Effects of Bone Morphogenetic Proteins on Oral Squamous Carcinoma Cells

Introduction: Human recombinant bone morphogenetic protein-2 (rhBMP-2) is now FDA-approved for maxillofacial applications. Use of BMPs are contraindicated, however, in patients with oral cancer because the biologic effects on carcinoma cells are unknown.

Objective: To determine the in vitro biologic effects of 2 commercially available BMPs on oral carcinoma cells by measuring changes in proliferation, secretion of proangiogenic factors, and secretion of a basement membrane degrading factor.

Methods: RT-PCR was used to detect baseline gene expression of BMPs and BMP-receptors in 3 oral squamous carcinoma cell lines. Proliferation was evaluated by MTT assay at 24 to 72 hrs after exposure to rhBMP-2 or rhBMP-7 (0-100 ng/ml), or after genetic modification using an adenoviral vector with the cDNA for BMP-2 or -7 (moi=0-1000). The supernatant was evaluated via ELISA for expression of VEGF, IL-8, and MMP-9.

Results: BMP-receptors were consistently expressed by all 3 oral cancer cell lines. No significant increase in proliferation was observed after exposure to rhBMP-2 or -7, or when cells were transduced with AdBMP-2 or -7 (p<.05). There was no stimulation of protein expression of the proangiogenic factors VEGF or IL-8 either (p<.05). Upon exposure to higher protein titers (100 ng/ml), some cell lines expressed significantly higher levels of MMP-9.

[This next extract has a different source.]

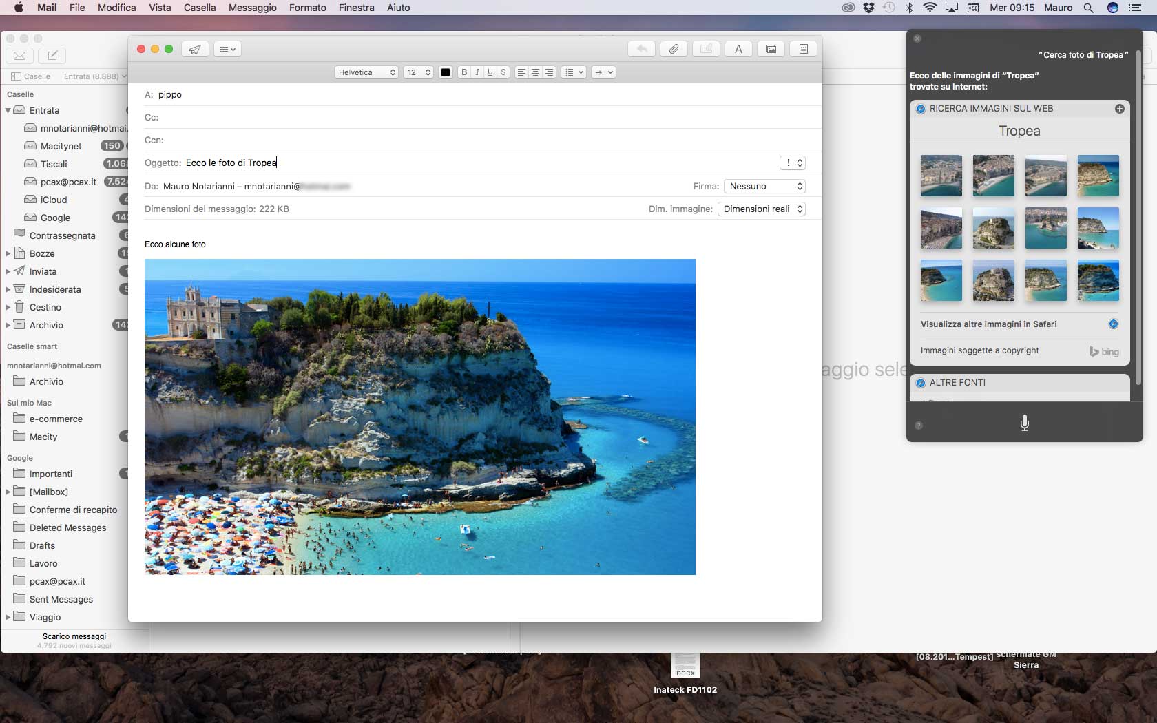 Come spiegato quando Siri trova una immagine o una posizione, è possibile trascinarla in un messaggio e-mail o in un documento. È anche possibile incollare o copiare il testo. Per esempio, pronunciando “Cerca su Internet immagini di spiagge in Calabria” potremo trascinare una immagine dalla finestra Siri in un’e-mail, in un messaggio, in una nota e altro ancora.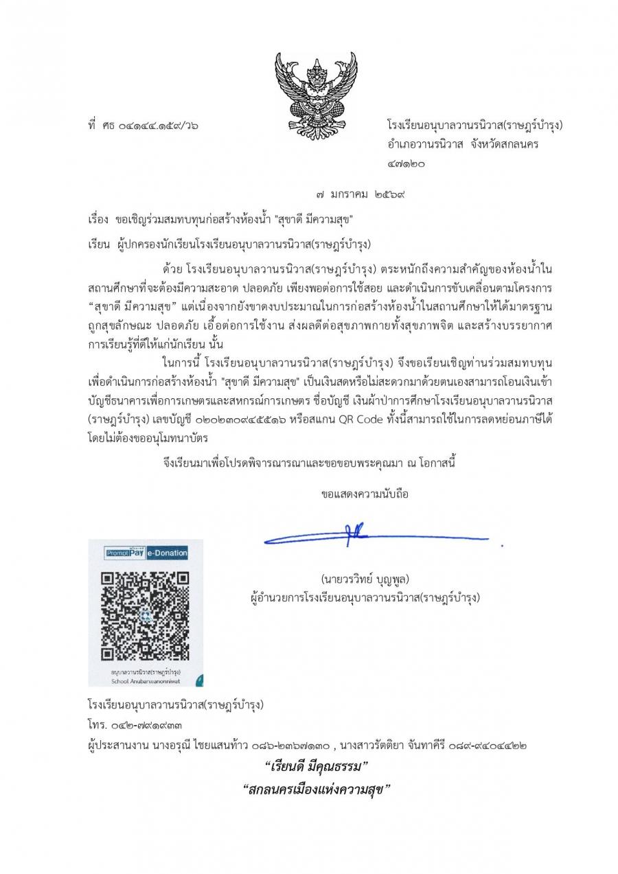 ขอเชิญร่วมสมทบทุนก่อสร้างห้องน้ำ "สุขาดี มีความสุข" โรงเรียนอนุบาลวานรนิวาส(ราษฎร์บำรุง)

Conclusions: Treatment of oral carcinoma cells with rhBMP or genetically modifying these cells to express BMPs does not affect proliferation or expression of proangiogenic factors in vitro. Upon exposure to higher levels of protein, there was a significant increase in MMP-9 expression, which may promote basement membrane degradation. Since high doses of protein are used clinically, these data show that further studies are necessary prior to using BMPs in patients undergoing treatment for oral cancer.